How to complete this task:
Once you reach the line with "A gold filled" in the material below, copy each line exactly up to and including the line with "El Monte Vesubio", and skip the pictures.

= = = = =

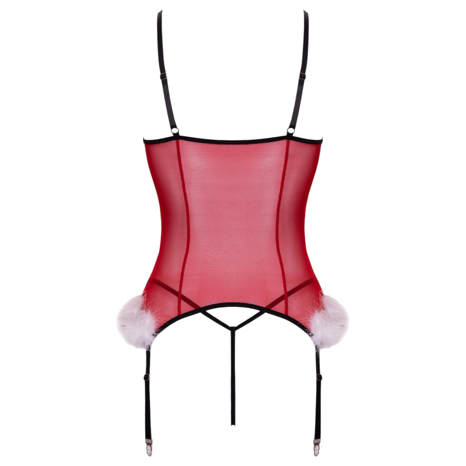 Cottelli - conjunto de lencería navideña con medias, con adornos negros y plumas blancas para una auténtica seducción festiva que irradia elegancia y sensualidad.
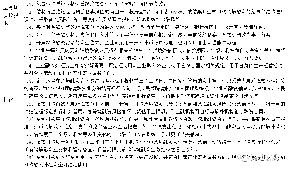 (2)2016年4月29日,央行發布《關于在全國范圍內實施全口徑跨境融資宏觀審慎管理的通知》,決定將全口徑跨境融資宏觀審慎管理政策推廣至全國范圍,并建立宏觀審慎規則下基于微觀主體資本或凈資產的跨境融資約束機制,企業和金融機構均可按規定自主開展本外幣跨境融資。同時,企業和金融機構開展跨境融資按風險加權計算余額(已提用未償余額),風險加權余額不得超過上限,即:跨境融資風險加權余額≤跨境融資風險加權余額上限。
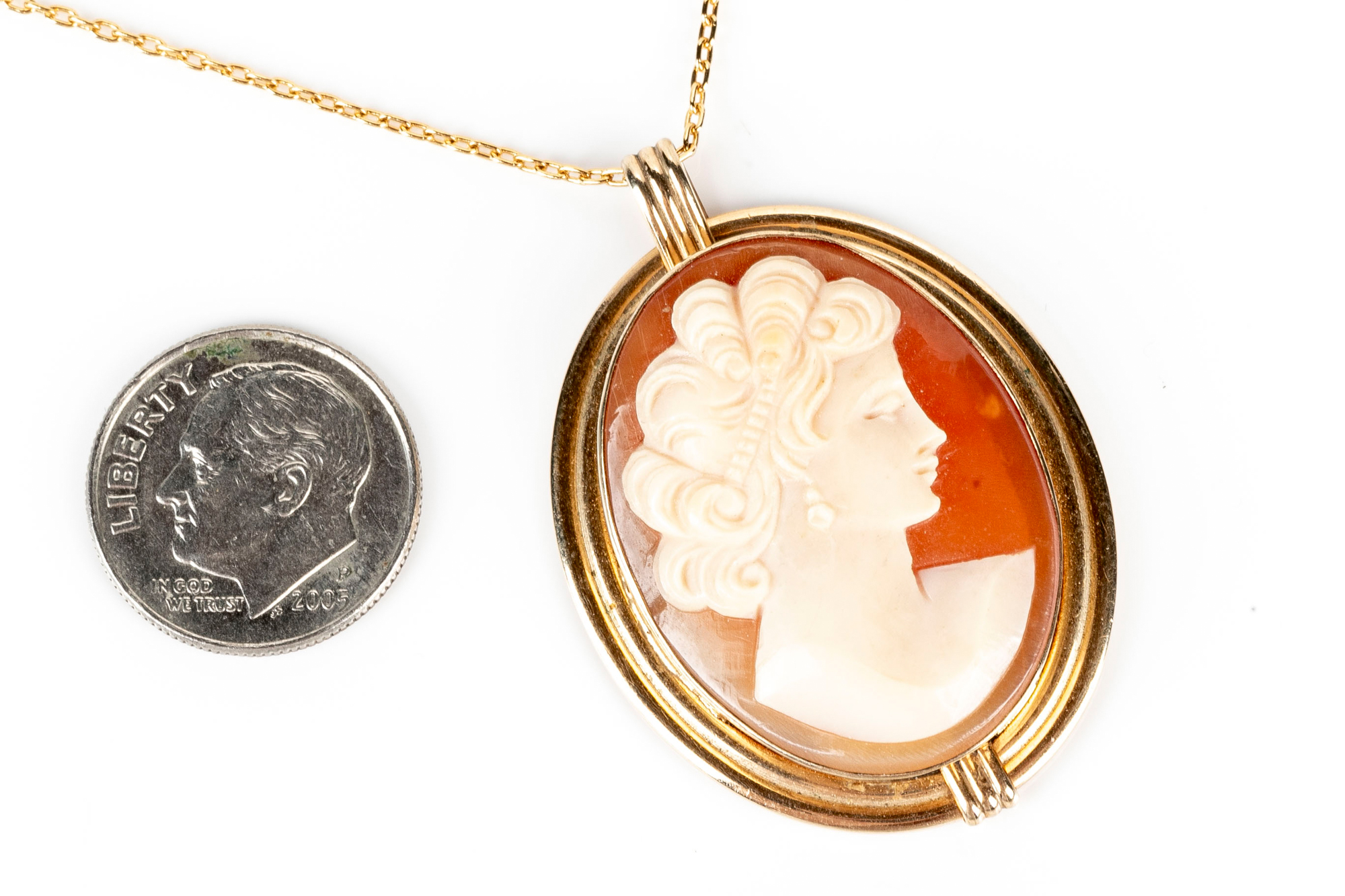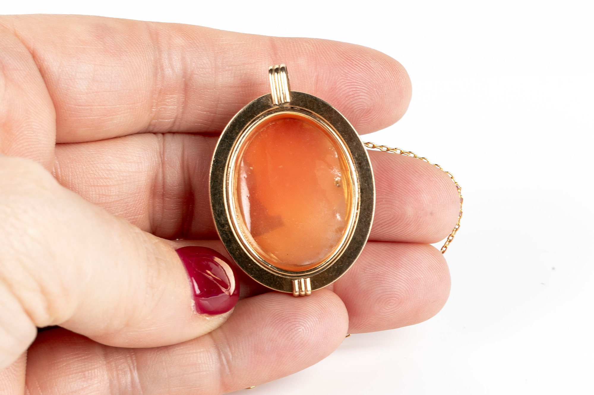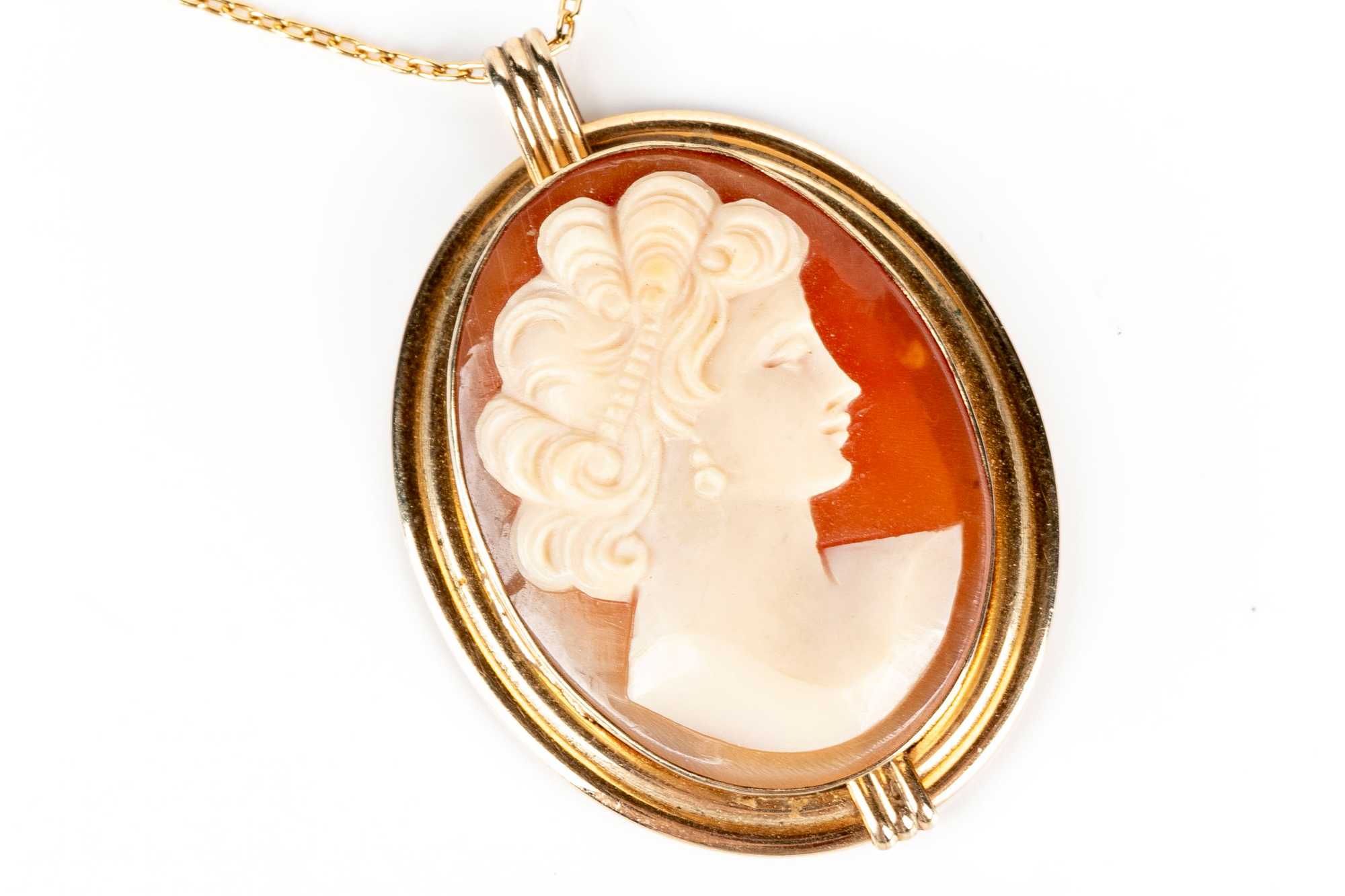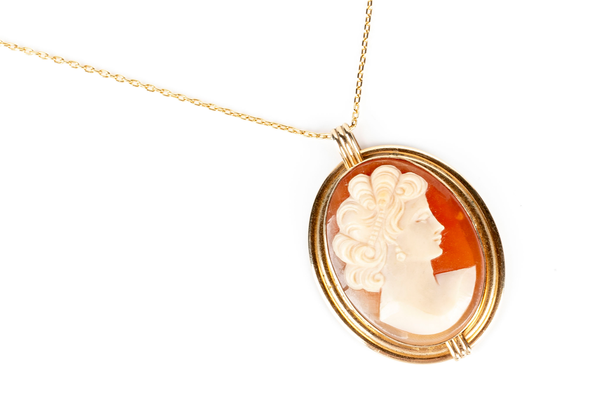 A gold filled cameo pendant necklace with a spring ring clasp.
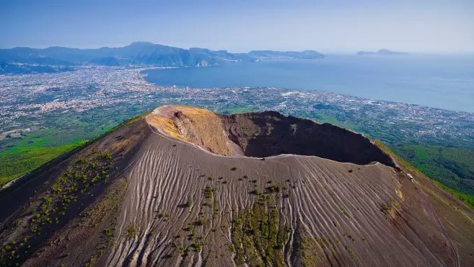 El Monte Vesubio es probablemente el volcán más conocido y también el más peligroso del mundo. La erupción del 79 d. C. dejó un gran cráter que creció y se encogió con las erupciones posteriores y todavía se puede visitar hoy. Es un volcán actualmente inactivo que ocasionalmente emite corrientes de lava (la última erupción fue en 1944), aunque su estado inactivo podría ser una indicación de una acumulación de presión y una próxima erupción explosiva. Los visitantes pueden caminar hasta la cima del volcán, que ofrece una vista del cráter que todavía humea ligeramente. Además de eso, la cima también ofrece un panorama impresionante que domina la Bahía de Nápoles, pero solo en días despejados (la montaña está notoriamente cubierta de niebla o nubes).
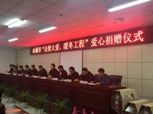 近日,由河南省扶貧開發協會聯合永城市扶貧辦實施的“眾情大愛、暖冬工程”愛心捐贈儀式在市司法局八樓會議室舉行。省扶貧開發協會代會長兼秘書長史獻志,省扶貧開發協會常務理事、省眾情大愛精準扶貧項目組委會主任衛建亞,省扶貧開發協會項目部主任史坤,以及永城市委常委、宣傳部部長畢江遠,副市長梁廷振出席儀式。
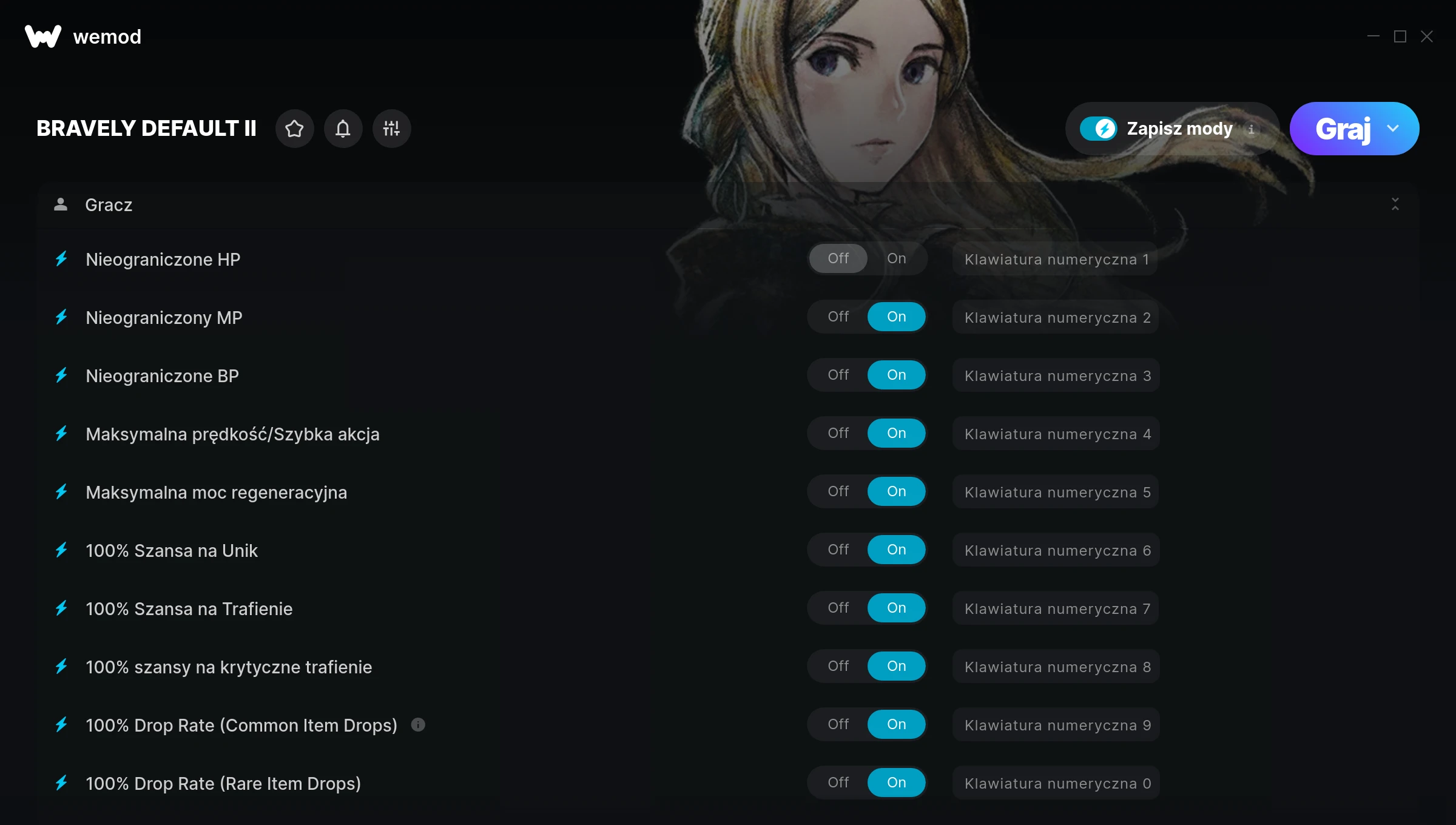 How do I use the cheats in BRAVELY DEFAULT II?WeMod will safely display all of the games on your PC. Open a game from the list and simply press play. After the game loads and once you’re in-game, you can start enabling different cheats!Will this work with my game version?WeMod uses advanced technology to detect the game version you’re running and will let you know if it’s supported. If it’s not, you will still have the option of giving it a try or requesting an update!

= = = = =

Expected answer:
 A gold filled cameo pendant necklace with a spring ring clasp.
 El Monte Vesubio es probablemente el volcán más conocido y también el más peligroso del mundo. La erupción del 79 d. C. dejó un gran cráter que creció y se encogió con las erupciones posteriores y todavía se puede visitar hoy. Es un volcán actualmente inactivo que ocasionalmente emite corrientes de lava (la última erupción fue en 1944), aunque su estado inactivo podría ser una indicación de una acumulación de presión y una próxima erupción explosiva. Los visitantes pueden caminar hasta la cima del volcán, que ofrece una vista del cráter que todavía humea ligeramente. Además de eso, la cima también ofrece un panorama impresionante que domina la Bahía de Nápoles, pero solo en días despejados (la montaña está notoriamente cubierta de niebla o nubes).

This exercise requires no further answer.